CAUTION URGED
‘Israel will stand alone’
Israeli Prime Minister Benjamin Netanyahu tells a U.N. gathering to beware of Iran’s pledge to strike a nuclear deal.
UNITED NATIONS — Israeli Prime Minister Benjamin Netanyahu urged foreign dignitaries Tuesday to view Iran’s latest diplomatic charm offensive with distrust and warned that Israel would act alone, if necessary, to prevent Tehran from developing a nuclear weapon.
“Israel will never acquiesce to nuclear arms in the hands of a rogue regime that repeatedly promises to wipe us off the map,” Netanyahu said in an address at the U.N. General Assembly. “... Israel will not allow Iran to get nuclear weapons. If Israel is forced to stand alone, Israel will stand alone.”
Speaking just days after President Barack Obama’s historic phone call with Iranian President Hassan Rouhani, Netanyahu appealed to the gathering to cast a skeptical eye on Iran’s pledge to strike a nuclear deal, saying that Tehran has repeatedly employed diplomatic outreach to disguise its plans to build a nuclear bomb.
He said that while Rouhani’s conciliatory rhetoric sets him apart from his confrontational predecessor, Mahmoud Ahmadinejad, both men remain committed to developing a nuclear bomb.
“Now I know Rouhani doesn’t sound like Ahmadinejad,” Netanyahu said, “but when it comes to Iran’s nuclear weapons program, the only difference between them is this: Ahmadinejad was a wolf in wolf’s clothing: Rouhani is a wolf in sheep’s clothing, a wolf who thinks he can pull the wool over the eyes of the international community.”
An Iranian diplomat with Iran’s U.N. delegation, Khodadad Seifi, responded swiftly, warning that “the Israeli prime minister had better not even think about attacking Iran, let alone planning for that. “Iran’s centuries-old policy of nonaggression must not be interpreted as its inability to defend itself,” Seifi said.

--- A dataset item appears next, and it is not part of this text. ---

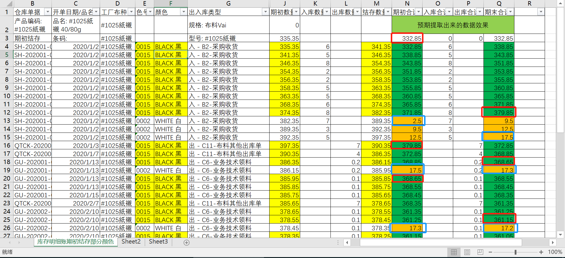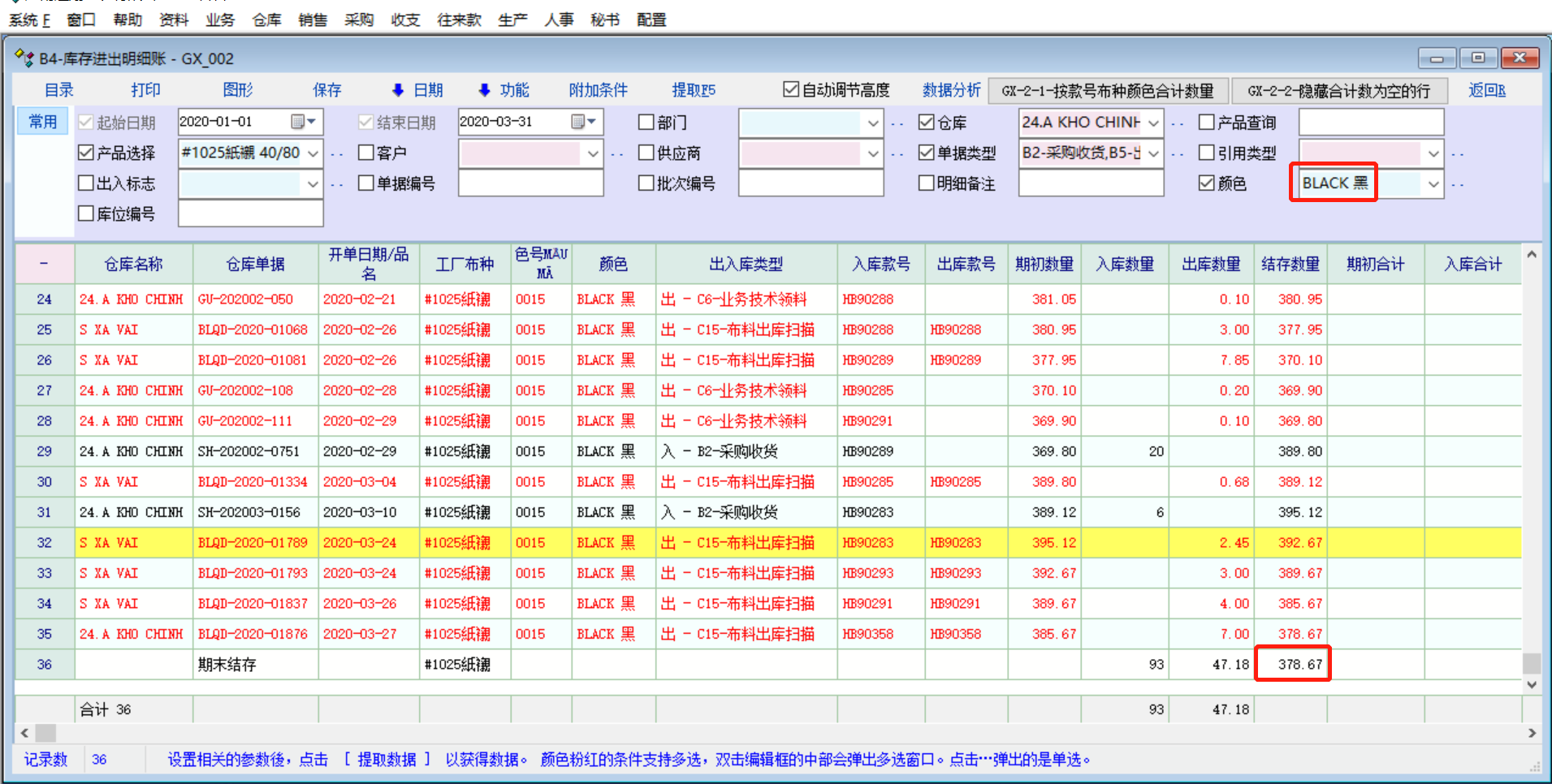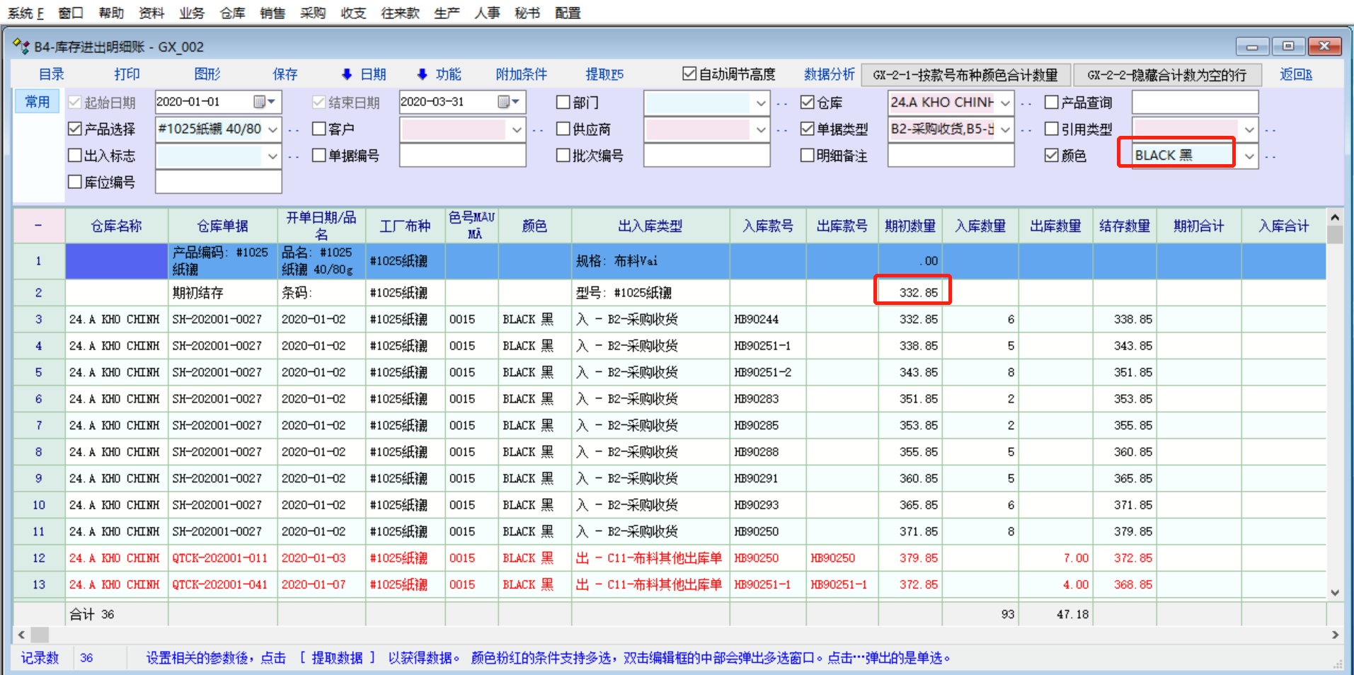 原创_库存报表的库存明细账和库存流水账的期初数量和结存数没有区分行业属性(颜色)_产供销

Netanyahu’s remarks followed a week of diplomatic exchanges between the U.S. and Iran, including a meeting of foreign ministers that brought Secretary of State John Kerry and Iranian Foreign Minister Mohammad Javad Zarif together at U.N. headquarters to discuss Iran’s nuclear program. The flurry of exchanges culminated with Obama’s phone call Friday to Rouhani, marking the first direct conversation between U.S. and Iranian leaders in more than 30 years.